## [WHAT THE EXERCISE ASKS]
Your response should consist of the entire listing, transcribed exactly, with every image left out.

## [DATA SEGMENT]
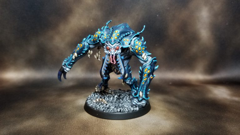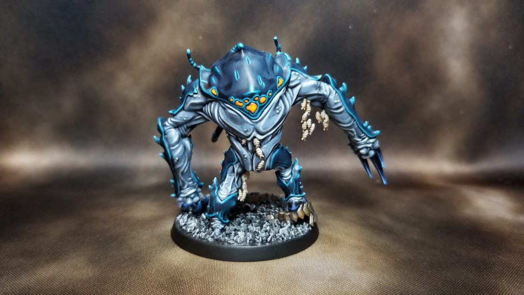 I started with my usual base coat of AP Bone primer over AP Leather Brown. I dry brushed the entire model with white. After that, the flesh bits got a coat of Skeleton Horde Contrast and the carapace a coat of Cygor Brown Contrast. Next, the larva and tubes on him got a coat of Iyanden Yellow Contrast while the noodley bits get a coat of Blood Angels Red Contrast.
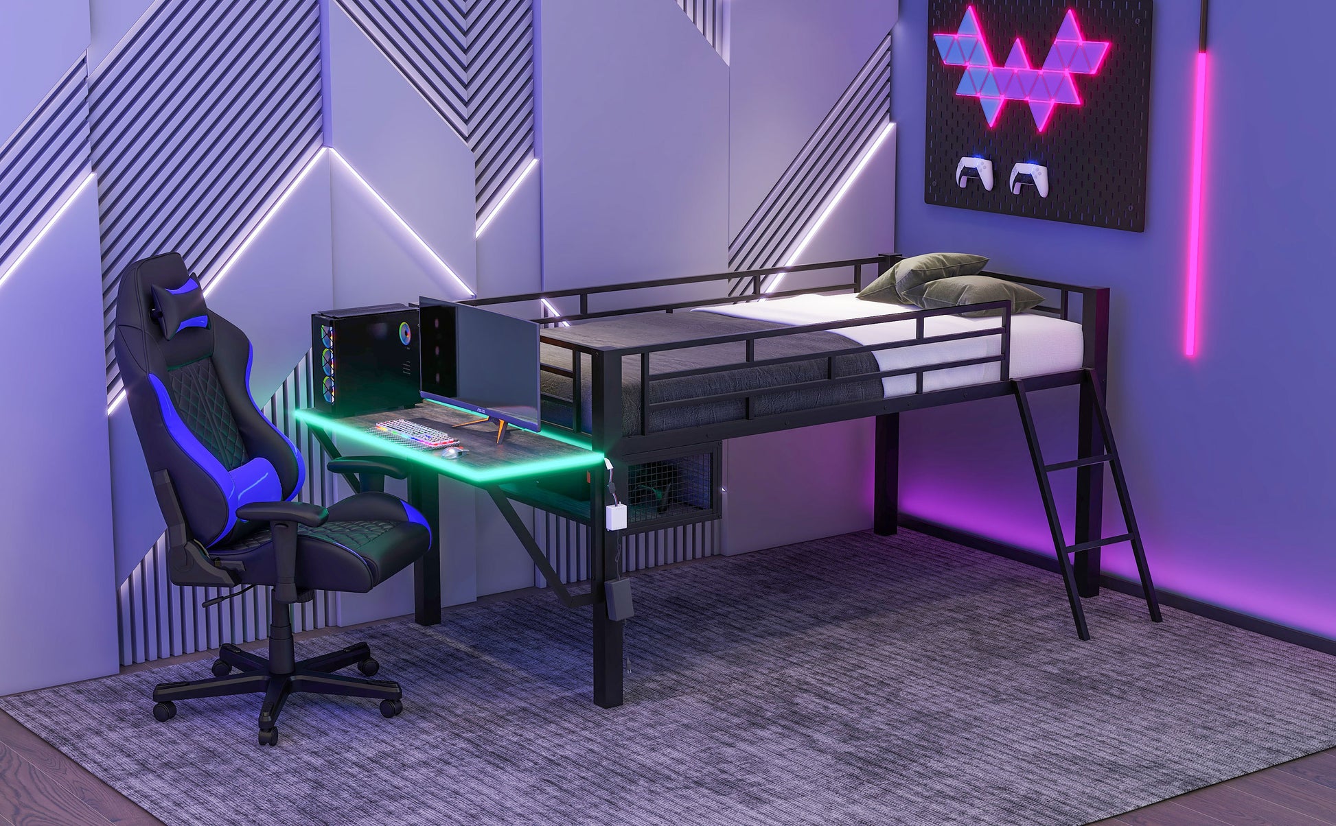 - A gaming bed, desk and storage built into one. This loft gaming bed collection provides the perfect space saving solution for any kids bedroom.
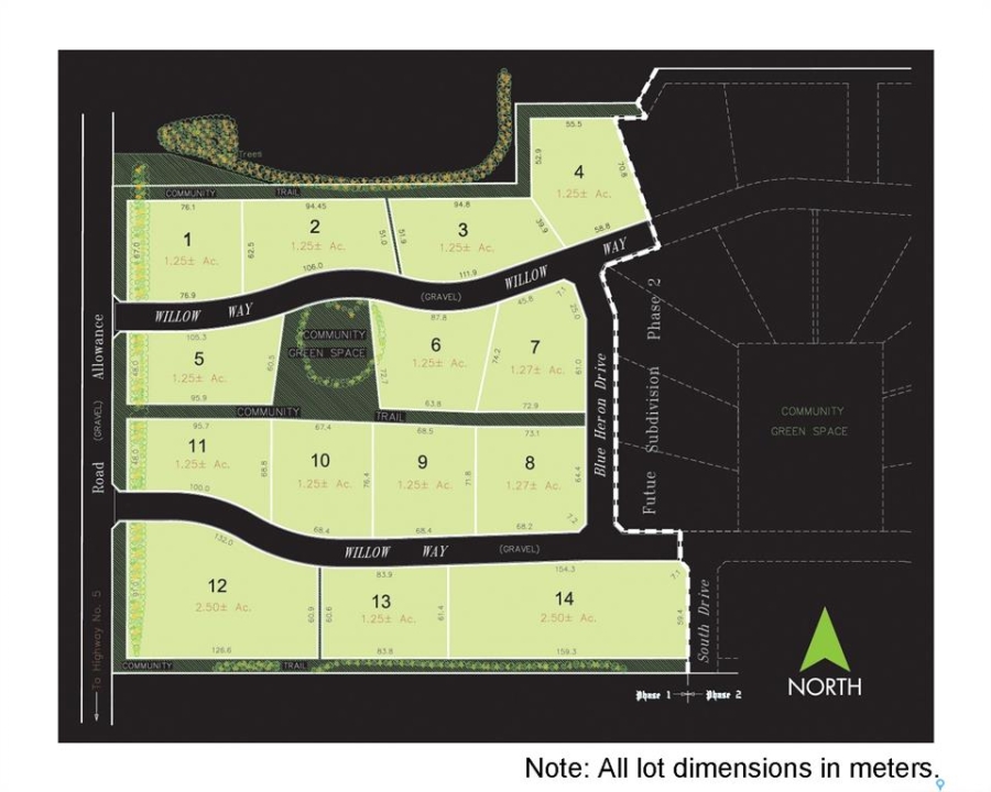 Buy Now, Pay Later! Get ready to build your dream home at Prairie View Properties! Lot 12 Willow Way at Prairie View Properties is a landscapers dream come true. Current shallow pond can be further developed into an impressive water feature or converted to more upland space for your development creations. North facing lot on 2.5 acre lot. Located in the RM of Humboldt #370, just 2 KM North East of the City of Humboldt & approx. 40 min from BHP Jansen Mine. Relax and enjoy the natural beauty of this acreage development enhanced by greenspaces, walking trails and a pond. Lots are serviced to the Property line with Power, Phone, Natural Gas and SHL Rural Pipeline Water. Sewer Service to be selected by Buyer. Approved for Type 2 Mound or Septic Holding Tank. Purchase Price is Plus GST. Buyer to pay non-refundable down payment to hold the lot with the obligations to pay the balance upon occupancy or two years. Call today for more information or to view!

## [EXERCISE OUTPUT]
 I started with my usual base coat of AP Bone primer over AP Leather Brown. I dry brushed the entire model with white. After that, the flesh bits got a coat of Skeleton Horde Contrast and the carapace a coat of Cygor Brown Contrast. Next, the larva and tubes on him got a coat of Iyanden Yellow Contrast while the noodley bits get a coat of Blood Angels Red Contrast.
 - A gaming bed, desk and storage built into one. This loft gaming bed collection provides the perfect space saving solution for any kids bedroom.
 Buy Now, Pay Later! Get ready to build your dream home at Prairie View Properties! Lot 12 Willow Way at Prairie View Properties is a landscapers dream come true. Current shallow pond can be further developed into an impressive water feature or converted to more upland space for your development creations. North facing lot on 2.5 acre lot. Located in the RM of Humboldt #370, just 2 KM North East of the City of Humboldt & approx. 40 min from BHP Jansen Mine. Relax and enjoy the natural beauty of this acreage development enhanced by greenspaces, walking trails and a pond. Lots are serviced to the Property line with Power, Phone, Natural Gas and SHL Rural Pipeline Water. Sewer Service to be selected by Buyer. Approved for Type 2 Mound or Septic Holding Tank. Purchase Price is Plus GST. Buyer to pay non-refundable down payment to hold the lot with the obligations to pay the balance upon occupancy or two years. Call today for more information or to view!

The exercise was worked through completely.